Tamiflu psychosis

Just when AARP magazine and so many other highly respected and widely read publications publish articles on pandemic flu planning for personal homes, plus bad news. This news is not for publications, nor for your readers, but for authors who have linked your name to poorly researched advice. On November 14, 2006, the US Food and Drug Administration (FDA) and Roche Laboratories, Inc., maker of Tamiflu, announced that new labeling would be provided for this highly publicized pandemic influenza drug. It turns out that Tamiflu is just one more drug to be added to the long list of drugs recently implicated in “self-harm” (suicide) and other psychiatric side effects.

While the data is not entirely clear as to how much of the hallucinations and confusion associated with the administration of Tamiflu in the Far East is related to influenza and how much is directly related to the drug, several things are clear.

1. Those who received Tamiflu are much more likely to exhibit “abnormal behavior” and “self-harm” than those who have not received the drug.

2. The likelihood of having these side effects increases as the dose increases and the length of time the drug is taken increases.

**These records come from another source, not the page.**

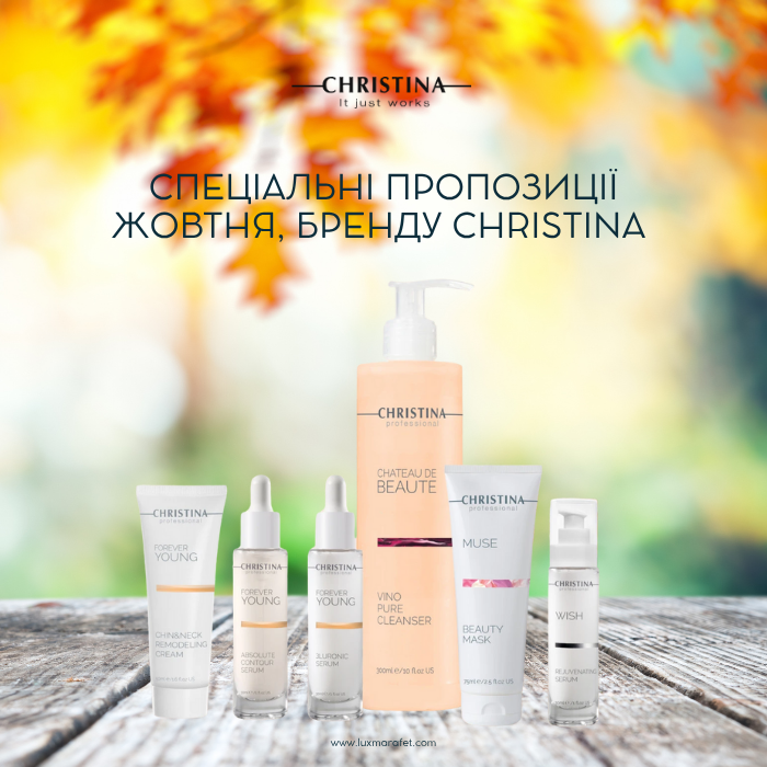 Зустрічайте ексклюзивні осінні пропозиції від Christina — час оновити догляд та порадувати себе ефективними засобами, які дарують шкірі здоров’я, свіжість та сяйво. Професійні формули, продумані поєднання та приємні подарунки — усе, щоб зробити ваш щоденний догляд особливим.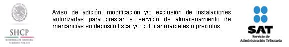 9. Aviso de adición, modificación y/o exclusión de instalaciones autorizadas para prestar el servicio de almacenamiento de mercancías en depósito fiscal y/o colocar marbetes o precintos.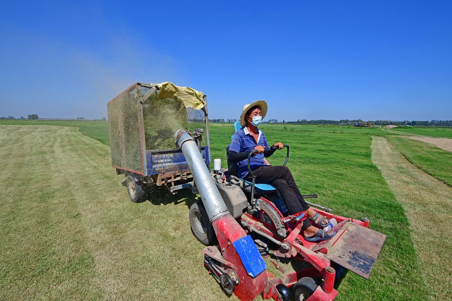 A villager mows the grass in Zhangzhuang Village of Lankao County, central China's Henan Province, Sept. 3, 2020. (Xinhua/Feng Dapeng)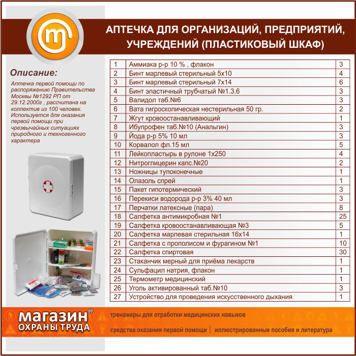Аптечка для организаций, предприятий и учреждений (на 100 человек) - металлический шкаф | Аптечка для организаций, предприятий и учреждений (на 100 человек) - металлический шкаф |

Tamiflu is one of two drugs available for the treatment of pandemic influenza. Unfortunately, the pandemic strain currently being studied in Asia (H5: N1) already shows resistance to normal doses of Tamiflu. In fact, in recent cases the dose of Tamiflu has had to be doubled and the duration of treatment has also doubled. To further complicate this fact, there is a need in these cases to add the second drug against pandemic influenza, also in double dose and double treatment duration.

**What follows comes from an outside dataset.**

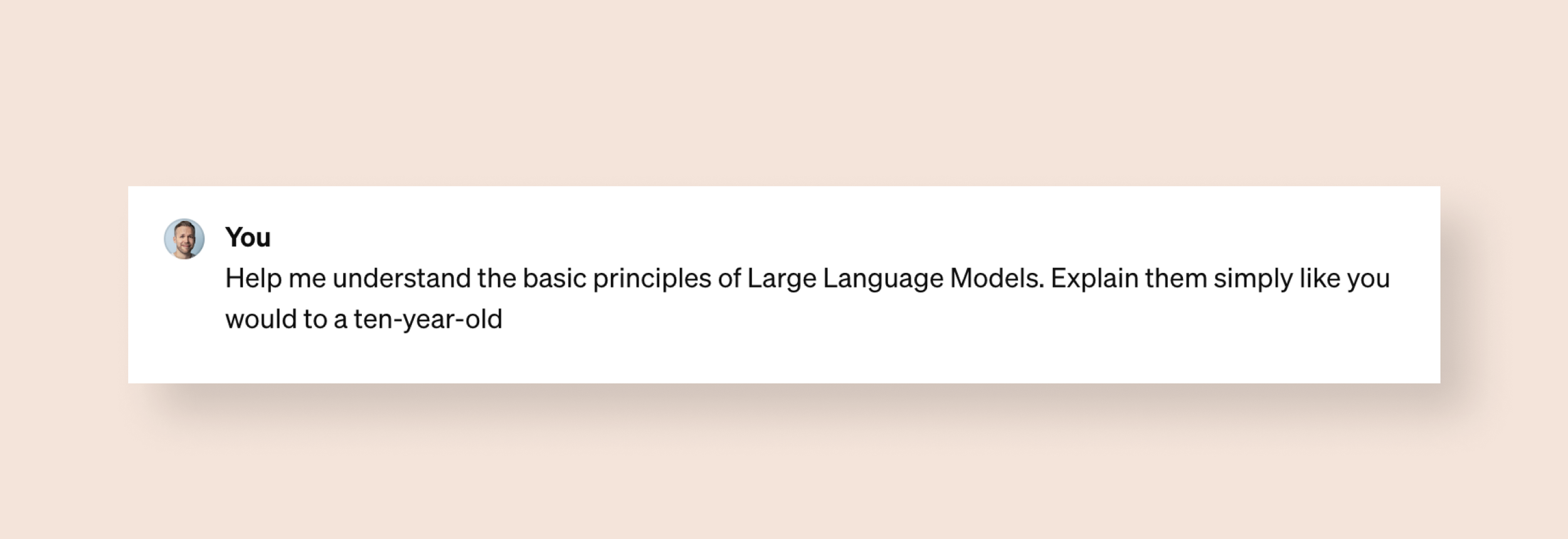 - “Help me understand the basic principles of Large Language Models. Explain them simply like you would to a ten-year-old”

What does this mean for psychiatric side effects? It means that these side effects will increase, if not arithmatically, then legally. In other words, the side effects may not only double, but quadruple or more.

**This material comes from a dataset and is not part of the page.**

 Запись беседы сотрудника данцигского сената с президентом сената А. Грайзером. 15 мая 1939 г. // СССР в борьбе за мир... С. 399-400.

Common sense and good science are at stake for alarmists who encourage the general public to stock up on Tamiflu or any other drug. Storing medications “just in case” is always a bad idea. Most simple infections are now resistant to basic antibiotics because patients have accumulated “leftover” antibiotics from previous infections and started them on their own. For too many decades, doctors have sent patients home with antibiotics “just in case” for the “next time” they get sick. This technique is lazy and it is the medical profession that is responsible for the problems we now see as a result of this lazy approach to healthcare.

What is surprising is that the American public stands up for it. If you took your car to your favorite mechanic to have the oil changed and he sent you home with an extra box of oil “just in case,” you would change mechanics. If you went to your favorite hairdresser for a color and style, and she sent you home with an extra pair of scissors “just in case” you would quickly switch stylists or at least think she was crazy. This style of medical practice was born out of the same medical arrogance that allowed doctors to think they were “gods” and should have died with that mindset. The most recent announcements from the US Food and Drug Administration on the risks of psychiatric side effects in Tamiflu only point to the dangers of a good medication taken the wrong way or for the wrong indication. Prescribing any medication is a balance of risks and benefits, and by balancing the risks and benefits, we can all use good advice, doctors and patients alike.